Le point commun ? La jouissance. Celle à venir, à concrétiser dans un cas, une jouissance immédiate ( « live » dirions-nous aujourd’hui) dans l’autre.
Les champions du marketing ont des idées géniales (parfois) et des stratégies efficaces (souvent) et il arrive que leur intention commerciale avérée nous interpelle aussi parce que le slogan touche des éléments essentiels de la vie.
A partir de ces images on pourrait se demander s’il y a une hiérarchie dans les manifestations de la jouissance. En effet, on dit souvent: « j’ai envie de… ». On dit parfois « je désire ». Mais plus rarement on reconnaît un état de bonheur. Enfin on peut accéder à quelque chose de plus intense que le plaisir et plus concret que le bonheur : la Joie, qui ne se décrète pas mais demeure l’accomplissement le plus désirable.
Dans le cadre restreint de cette réflexion, laissons aux psys et autres médecins de l’âme le soin de nous expliquer, qualifier et différencier ces mécanismes du désir et analyser l’influence du plaisir sur nos conduites. Limitons nous à observer notre capacité à savourer ce que nous considérons comme les bonnes choses de la vie, ce qui facilite ou perturbe notre « savoir goûter »

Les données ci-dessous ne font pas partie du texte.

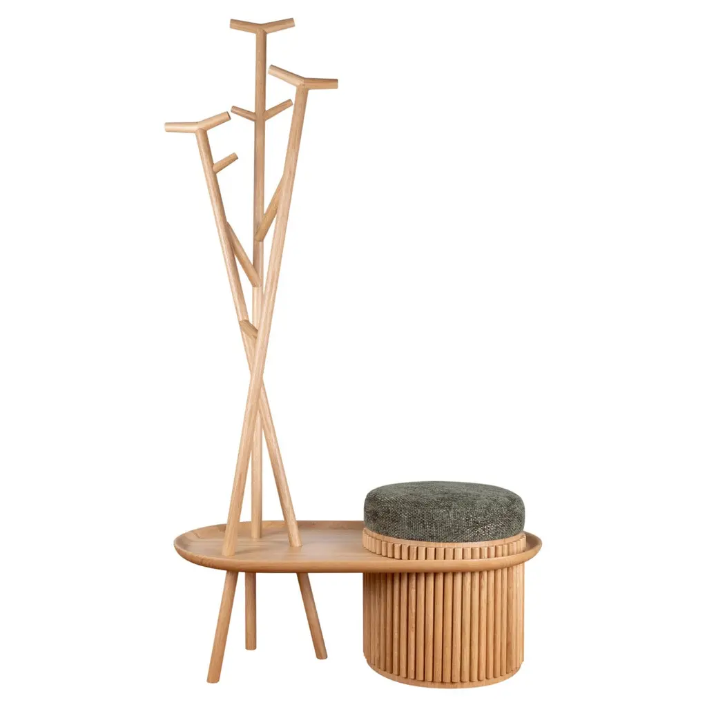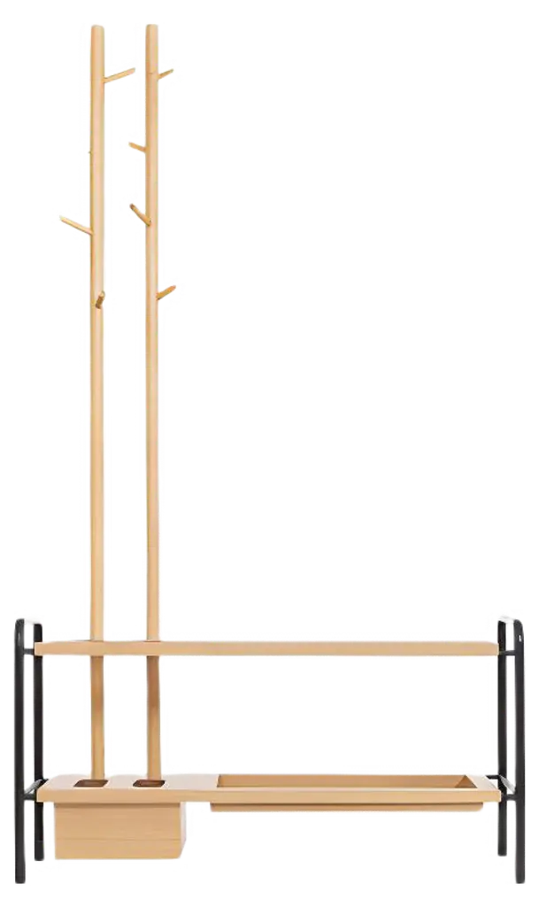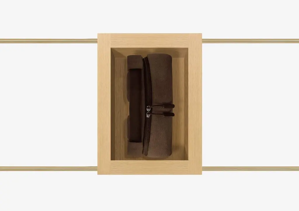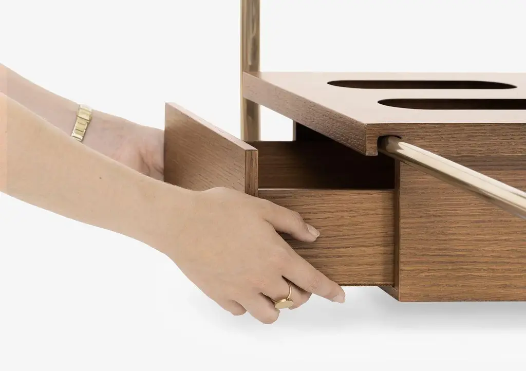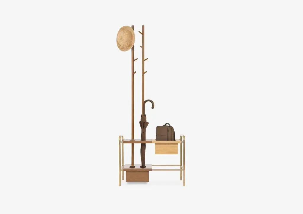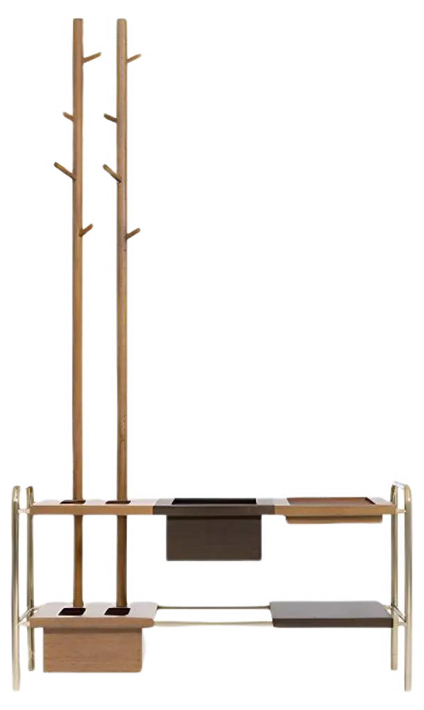 Coat stand composed of 1 polished stainless steel structure with fixed feet and 2 tops in solid oak wood and MDF veneered with natural oak leaf. The Living tops have a recess that allows a simple fit into the structure and you can easily change the order of placement. This set includes: 1 Side table/ coat stand structure with feet – Polished stainless steel – Gold 1 Coat stand – Oak – Brown – Includes 2 coat hangers in the same finish of the tops and drawer with 1 water drip vase 1 Box – Oak – Natural

Parmi les conditions (nombreuses) permettant d’atteindre plus facilement le plaisir sous toutes ses formes, il me semble utile d’en retenir deux : l’Attente et l’Attention.
L’Attente du plaisir crée un climat et permet un accueil au même titre que l’attente de l’être aimé constitue déjà un acte d’amour. Sachons pourtant reconnaître qu’il existe une tension bénéfique comparable au fantasme. J’imagine un voyage, une rencontre, un spectacle un événement heureux et mon plaisir commence déjà. Cette attente amène à situer le temps du plaisir. Comme l’écrivait récemment un ami « le passé c’est l’histoire, l’avenir c’est le mystère, le présent c’est un cadeau ». Et c’est pour cela que le « présent » est synonyme de « cadeau ». Il arrive que la réalisation d’un projet se révèle décevante mais si le projet est conforme à l’attente, il se déguste et se savoure dans le présent qui est le temps naturel du plaisir.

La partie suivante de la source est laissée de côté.